The design of the Nanoenvi ® MOTE devices, completely developed by ENVIRA, guarantees the highest levels of safety and reliability and that they can be tailored according to the monitoring needs of each client. They are low-consumption devices that can be powered, if necessary, by small solar panels.
Features
Enclosure/Power
The Nanoenvi motes (remote sensors) are made of ASA Luran, a very light and resistant plastic compound that, together with the thermo-sealing with Elastosyl rubber and silicon, provides them with an IP67 protection level. This ensures their correct performance in the most aggressive surroundings. Due to their resistance, compact design and capacity to perform autonomously (with solar panels), the sensorics can be installed anywhere.
Sensorics/Electronics
The Nanoenvi MOTE equipment can control and monitor several combinations of inlets, both analogical and digital, from sensors or industrial equipment (through the most usual field buses).
Communications/IoT
The Nanoenvi motes have different connectivity configurations, which ensures their integration in any IoT communication network by means of the usual M2M protocols: WiFi, 3G, Ethernet, 6lowpan, LoRa®, Bluetooth, XBee®/ZigBee®, etc. The Nanoenvi motes are plug’n’play devices and include, in all versions, the standard programming needed to integrate them in the IoT platform chosen by the client -public product or owner- by means of standard protocols such as CoAP, REST or MQTT. In the case of owner platforms or with a specific configuration, the client must provide the connectivity specifications required.
Software/Electronics
Notwithstanding the technical limits imposed by their reduced consumption, the Nanoenvi motes have enough capacity to fulfill the most usual Edge operations: signal additions, filters, smoothings, pre-processing information, threshold assessment (to detect alert events), etc. The internal buffering system and the different sampling and communication policies that can be implemented allow the Nanoenvi motes to keep taking measurements even when connectivity has been cut off.
Product Features
Watering monitors in green areas and golf courses:
As water resources are scarce and there are many regulations for minimizing water consumption, the effective control of watering levels in green areas and golf courses has become very important. Our solution to monitor soil humidity provides managers with valuable information to decide whether watering is necessary or not. The information is wirelessly sent to a local server or to the cloud, so that data can be available for any connected device.
Flood alert system:
Flood alert systems near rivers, reservoirs or other water courses provide critical information to protect people and properties. Our system of sensors at the level of the water flow uses cutting-edge ultrasonic technology. 3G mobile phone communications and the power from batteries and solar panels make this solution an autonomous and reliable one to detect possible floods and their importance.
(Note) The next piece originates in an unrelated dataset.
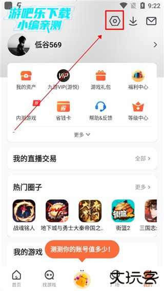 下载进入九游app,点击我的
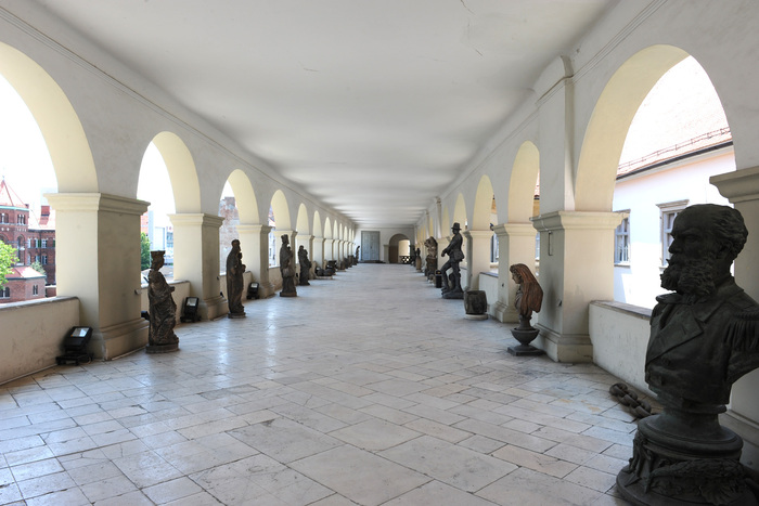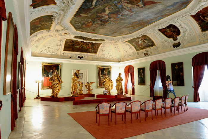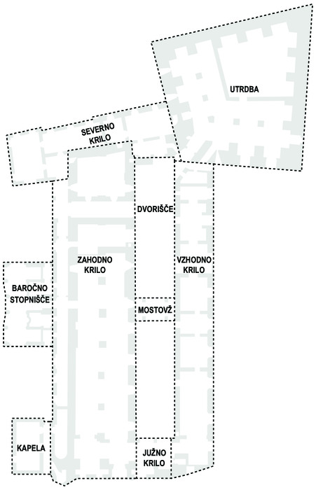 Najstarejše zahodno krilo je z baročnim stopniščem, kapelo in arkadnim hodnikom obrnjeno na Grajsko ulico. Baročno stopnišče, ki povezuje pritličje in nadstropje, je bogato s kipci in štukaturami. Nosilni zidovi in stebri so pretežno kamniti in deloma mešani. Stropne konstrukcije nad pritličjem in mezzaninom so opečni oboki, ki so bodisi eliptične bečvaste, bodisi križne oblike. Bečvasti oboki imajo v območju odprtin in stebrov vsečne čepice. Nekateri oboki imajo natezne vezi, ki so vidne v notranjosti (slika 5), njihova sidrišča pa na pročeljih (slika 6). Nekatera ostala sidrišča na pročeljih kažejo na prisotnost zidnih vezi. Nad viteško dvorano v nadstropju je dragocen zrcalno obokan baročni strop z leseno konstrukcijo in lesenim opažem. Nad ostalimi prostori v nadstropju so stropne konstrukcije polnotramovne lesene. Pri teh so stropniki na sredini razpetin obešeni na dodatne lesene nosilce, ti nosilci pa so podprti s prečnimi zidovi v nadstropju.

Machine connectivity for industry 4.0:
Many machines with old designs lack the possibilities for communication that industry 4.0 technologies provide.The digital transformation offered by Industry 4.0 has allowed manufacturers to create digital twins that are virtual replicas of processes, production lines, factories and supply chains. A digital twin is created by pulling data from IoT sensors, devices, PLCs and other objects connected to the internet.
Monitoring building structural health:
Structural health monitoring (SHM) provides a useful tool for ensuring integrity and safety, detecting the evolution of damage, and estimating performance deterioration of civil infrastructures.Buildings, bridges and other structures are likely to be damaged by natural phenomena, building works nearby, floods or simply by the passing of time or the decay of the materials. Our devices can monitor several parameters of the structure and to prevent damage that entails expensive repairs and risks for people.Structural health monitoring (SHM) system is a method of evaluating and monitoring structural health.